It's been a long time since I posted anything in this blog. I can now face my blog. Not long ago, I couldn't really face anything, but now I am back in the saddle. What happened? Right after my last post....right after Christmas....our lives became very, very difficult. Some things are just personal and non-shareable. Others I will share The biggest struggle we had was Travis lost his job...two days after Christmas. I felt panic, but Travis felt peace. He told me not to worry...he would get a job...but he felt it would take a little while, but once he got it, it would be the job that he called his career. For three and a half months there were no interviews, no call backs. It was fun having daddy home with us all the time, but super stressful as well. Every day that Travis was home was a day we had no income. We survived on my student loan, tax return, cashing out retirement, selling a bike, returning clothes bought....pretty much anything we could do to survive. In the middle of it all, I got pneumonia, Connor got double ear infections everyone got colds. (And no insurance)
Needless to say, we had a very rough start to the year. But.......we prayed....we prayed very hard. Who ever could make it to church, went to church and we prayed and prayed. I begged the Lord for solutions and help. The message I constantly received was, "In my own time and my own way. Be patient." I cried and prayed some more and waited.
One day Travis said, "I applied to the funeral people again. I keep thinking about them. I keep remembering my experiences in dealing with the people when Kim died. I feel like it's something I'd like to do. To help people." (Kim was Travis's sister that died of brain cancer in 1997)
I told him if he felt that strongly, then he needed to be more forward. Don't just fill out an online application, call them. I told him he needed to actually meet people face to face and let them see that he is more than just another applicant. He's good at conversation. He needed to talk to someone. So Travis sent an email to the local funeral home that was listed with the job opening. (The application was with the corporation) Fifteen minutes later, Travis got a phone call. He spoke to the sales manager, Renee. She scheduled an interview and asked him to fax her his resume.
A couple of days later, Travis met with Renee. After talking to him for a while she told him, "You know, looking at your resume and seeing that most of your experience was retail, I really thought you were not going to be a good fit, but I met with you as a formality and was fully prepared to tell you thanks, but no thanks. Now!....after talking to you and seeing what kind of person you are....you are going to be my rock star!"

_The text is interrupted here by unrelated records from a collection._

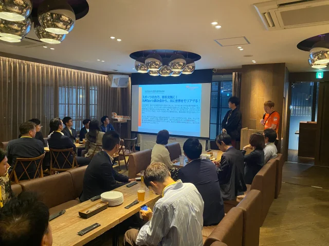 参加者同士の交流時間も設けられ、多くの新しい出会いと情報交換が行われました。特に、スポーツビジネスに携わる企業やスポーツチームの方々が活発に名刺交換をしている姿が印象的でした。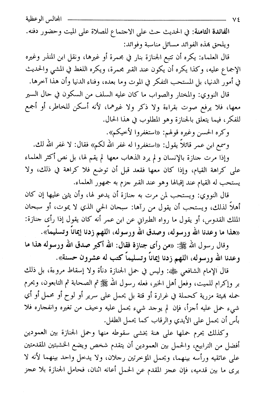 الفائدة الثامنة: في الحديث حث على الاجتماع للصلاة على الميت وحضور دفنه.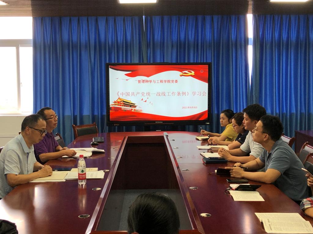 9月9日下午,太阳成tyc7111cc分党委在学院党建活动室组织开展《中国共产党统一战线工作条例》学习会。学习会由学院分党委书记邓德敏主持。学院专职组织员、教工党支部委员、学生支部书记参加了学习会。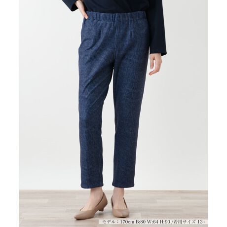 暖かな着心地と美しいシルエットを両立する、冬に嬉しいスリムパンツ。機能的なポリエステル混素材にポリウレタンを混紡することで、快適なストレッチ性を実現いたしました。上品なチェック柄が、コーディネートに洗練されたアクセントを添えます。ご自宅で手洗いできるウォッシャブル仕様で、お手入れも簡単。ウエストはゴム入りで、窮屈感なく快適にお召しいただけます。フィット感がありながらも、体を締め付けすぎない絶妙なサイズ感で、脚のラインをすっきりと見せてくれます。大人の女性の多様なライフスタイルに寄り添う、機能性とデザイン性を兼ね備えた一本です。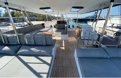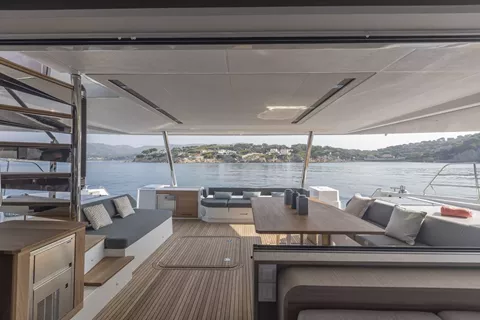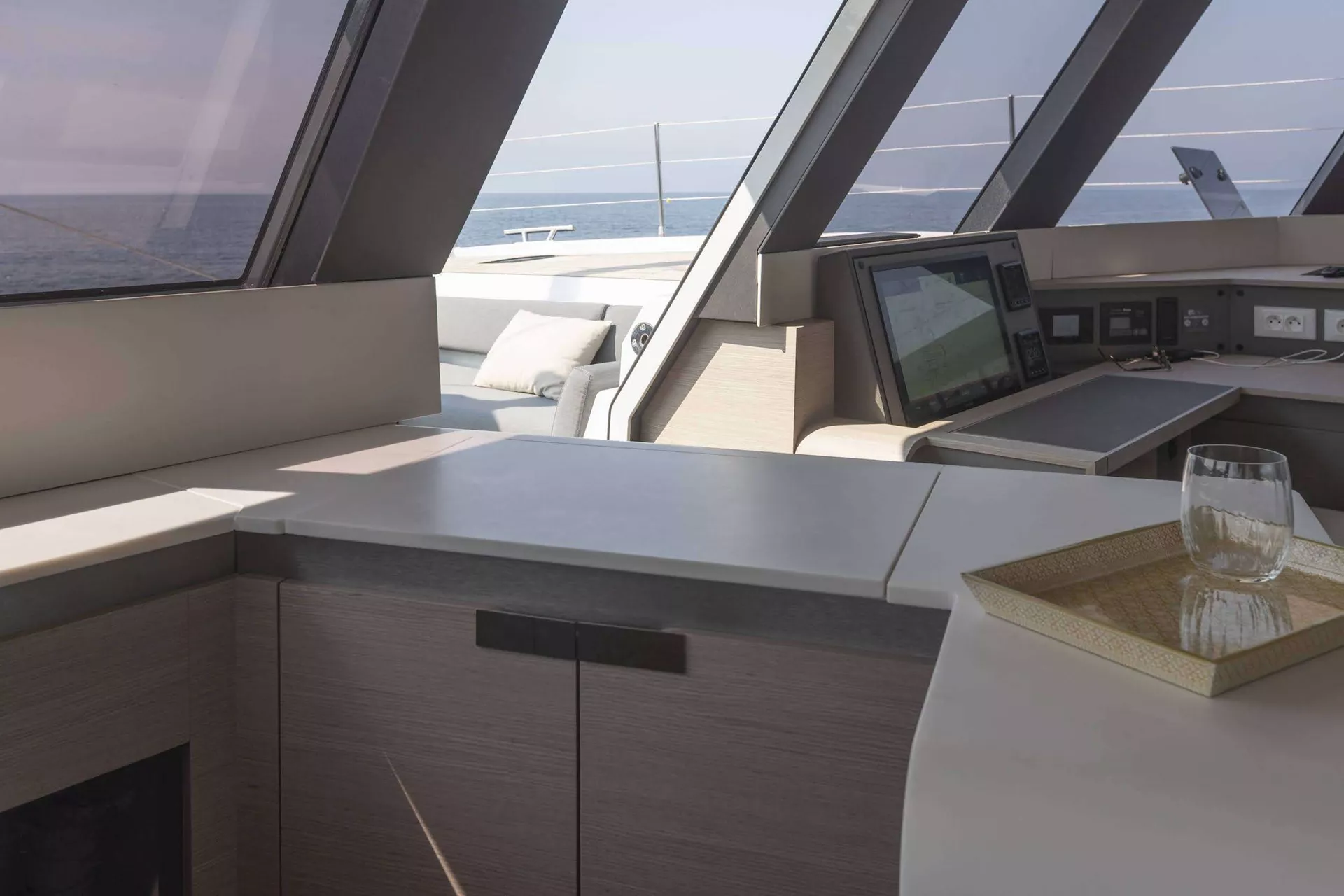 Every detail of Allure 59 has been meticulously designed to balance sociability and serenity. Her 27.5m² aft cockpit is ideal for alfresco dining and relaxed gatherings, while the foredeck features modular sunbeds, providing a private oasis for sunbathing or simply soaking in the views under sail. The spacious flybridge invites guests to unwind with panoramic vistas, enjoy sunset cocktails, or celebrate under the stars. Inside, her bright and inviting saloon flows seamlessly between the lounge and dining areas, creating a sophisticated atmosphere enhanced by her galley-down layout, which ensures space and openness in the main living area.

I actually was given the chance to say I told you so! Renee had Travis meet her boss, then he had to do three background checks, a drug test and take (and pass) the state life insurance exam. (All of which came out of our empty pockets...which we will be reimbursed soon...but it was just one more obstacle)
Eleven days ago, Travis officially started working for Dignity Memorial. His office is at the Sequim Valley Funeral Chapel. He is a Family Service Advisor. He will be selling pre-need plans to people and helping with funerals etc. He has already delivered ashes to a memorial service and sat in with grieving families planning the funerals for their loved ones. It sounds like a depressing job, but it feels right. After all of those very difficult days of worry....we now feel peace. It is a good job. He has a great boss. There is a potential for making a very good living. There is a light at the end of the tunnel...and my favorite little decorative doohickey, that says "prayer changes things"...it was right!